We have had you a couple of years, along with your boyfriend and girlfriend.
Youve done so well, grown up got fat and even laid eggs for me, even if you did eat them!! you out of the three to me and everyone else always seemed teh most active, the strongest one of all. I guess we were wrong.

Last night you werent well, infact i honestly thought you were dead, i popped you on to paper ready to remove you from the room, and you took a huge gasp of air. i gave you a second chance, gave you some water, poped you in a tub. Came down this morning to find you dead 

Im so sorry, and i also killed those EVIL evil mealworm beetles which managed to get in to the tub. im so sorryry i just hope you had diedat that point. (on had taken to nibblying her tail )

You must of been happy you were Brilliant to watch, my favouite gecko to watch. Will miss you  really will. Im sure spotty and dotty will too.

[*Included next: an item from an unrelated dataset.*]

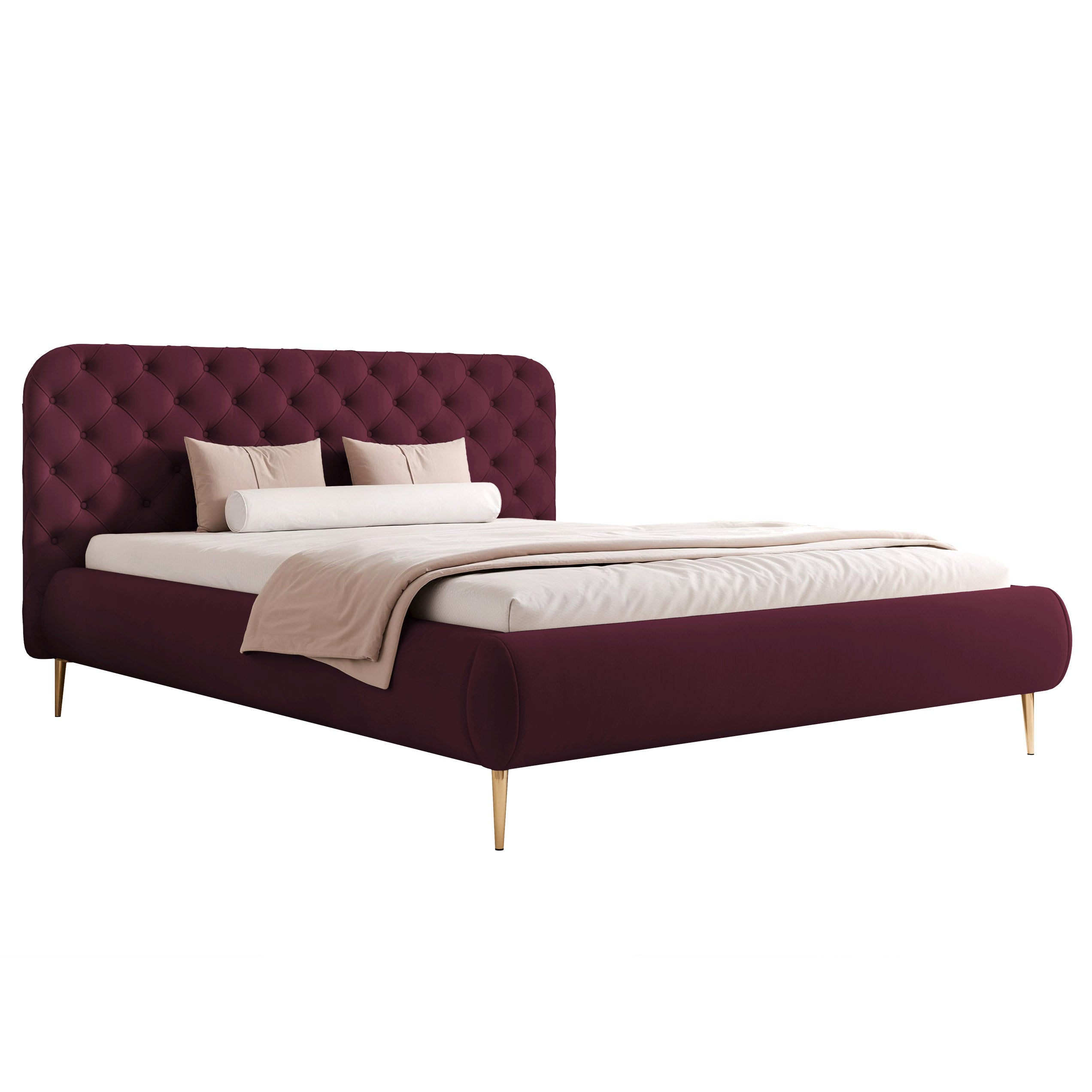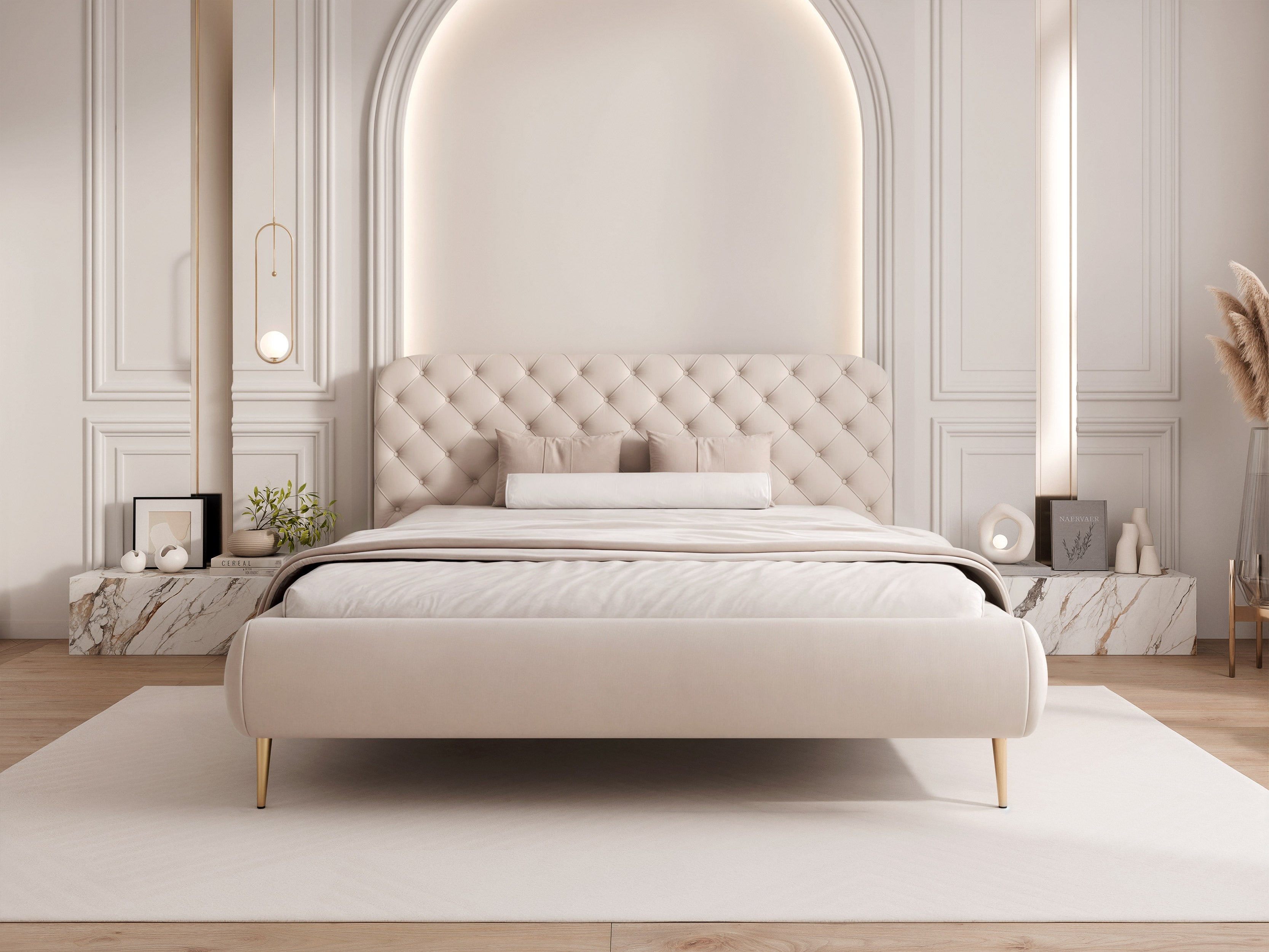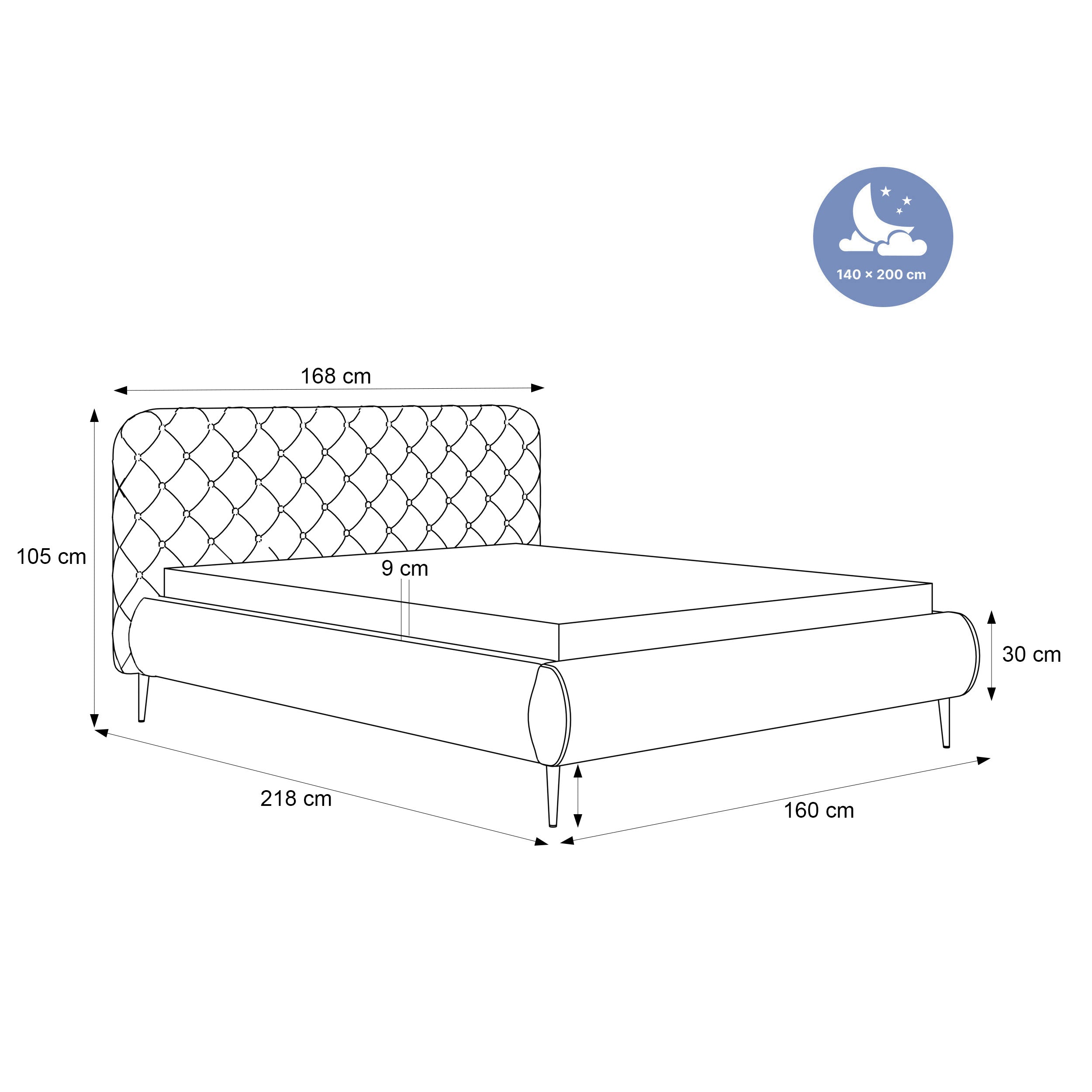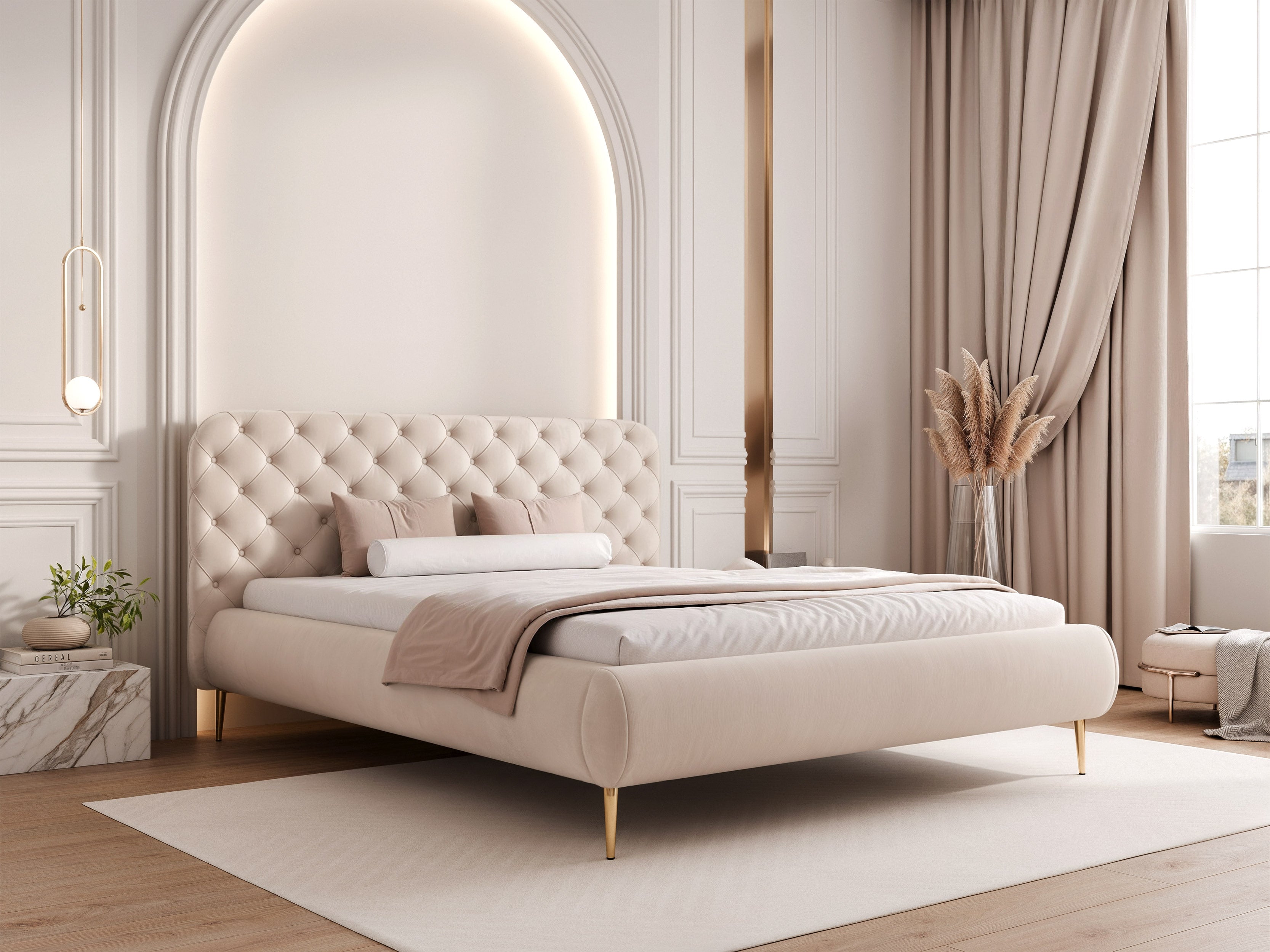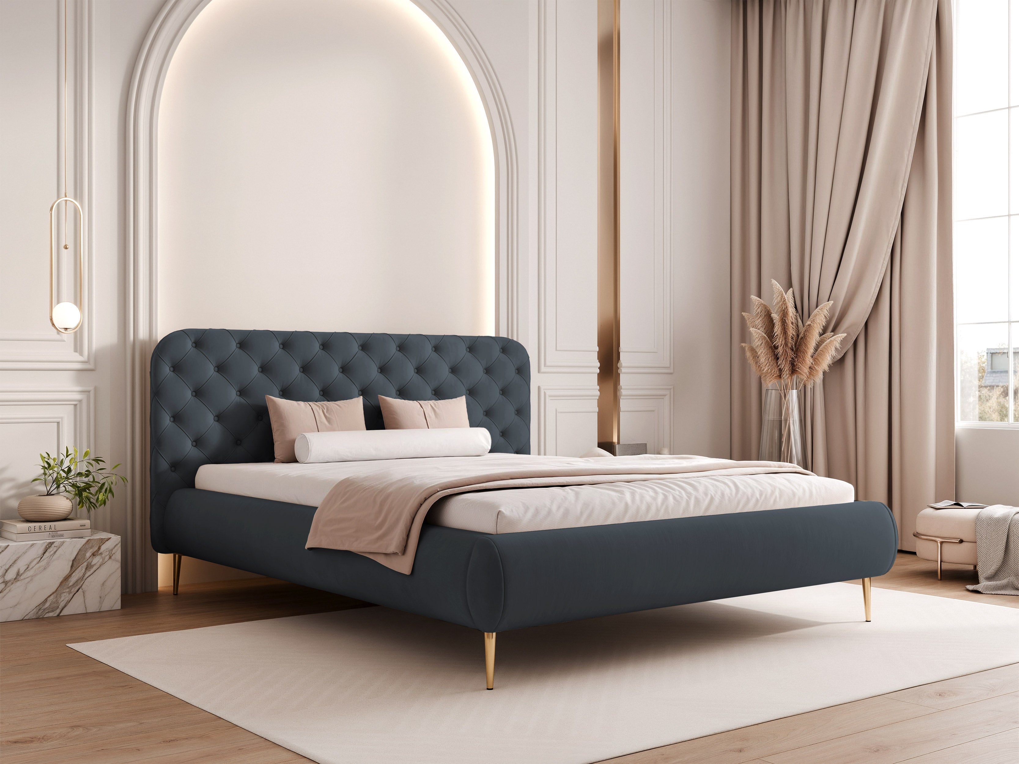 Céleste – wysokie nogi to wariant, który łączy elegancki, pikowany zagłówek z lekką wizualnie formą opartą na wysokich nogach. Taka konstrukcja nadaje bryle nowoczesny charakter, ułatwia sprzątanie i sprawia, że łóżko dobrze prezentuje się także w mniejszych sypialniach.

Dad will burry you soon, its too frozen outside to do it now! but yea..
keeop on catchign those crickets, mealies etc in reptiheaven ok?

Sleep well mrs, will miss you 

The day we got you










Putting on weight!










One of the only times we were able to pick you up! You were SO SO SO SO SO SO fast!










Sleep well. Miss you x


----------



## GothGirl (Apr 9, 2008)

RIP Tiny

So sorry love


----------



## freekygeeky (May 25, 2007)

GothGirl said:


> RIP Tiny
> 
> So sorry love



thanky)


----------



## hubert_cumberdale (Oct 22, 2008)

so sad


----------



## freekygeeky (May 25, 2007)

hubert_cumberdale said:


> so sad




thank you for posting


----------



## hollypops (Nov 3, 2008)

She looked lovely. Sorry for your loss.


----------



## sparkle (Mar 21, 2007)

geena she was stunning sorry for your loss xxx


----------



## freekygeeky (May 25, 2007)

hollypops said:


> She looked lovely. Sorry for your loss.





sparkle said:


> geena she was stunning sorry for your loss xxx



thank you you two 
the other two look so lost in their big viv now


----------